Jennifer Johnson

Jennifer Lee Johnson

PhD Student, School of Natural Resources and Environment
International Institute Individual Fellowship

"My research analyzes historical and present-day ecological and social transformations in Lake Victoria, Africa’s most productive fishery. I hope my work will help practitioners, politicians, and scholars improve how resource extraction functions."

In the summers of 2007 and 2008, Jennifer Johnson conducted her master’s and preliminary doctoral research focused on the local and global commodity chains for illegal and legal Nile perch near Lake Victoria in East Africa. She employed interdisciplinary methodologies from anthropology, political ecology, and fisheries science to analyze social adaptations to ecological change in the Lake Victoria Basin.

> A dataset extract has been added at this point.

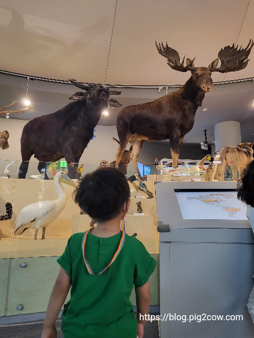 전시된 동물들을 구경하다
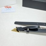 Prada Saffiano Leather Belt. Made of top-grain calfskin with a pure brass buckle, simple yet classic. Size: 1.5cm. Colors: Black, tan, burgundy, gold, silver buckle.

She conducted over 40 semi-structured interviews, participant observation and archival research in the basin as well as 130 household surveys as part of a larger research project. She also published several news features in the Ugandan Daily Monitor on the human dimensions of the fisheries’ collapse. Her field experiences confirmed her desire to pursue her doctoral degree and a research-focused career.

 

Additional funding for Jennifer’s work was also provided by the Center for Afroamerican and African Studies’ Africa Initiative Grant, Doris Duke Conservation Foundation, Rackham Graduate School, and School of Natural Resources and Environment.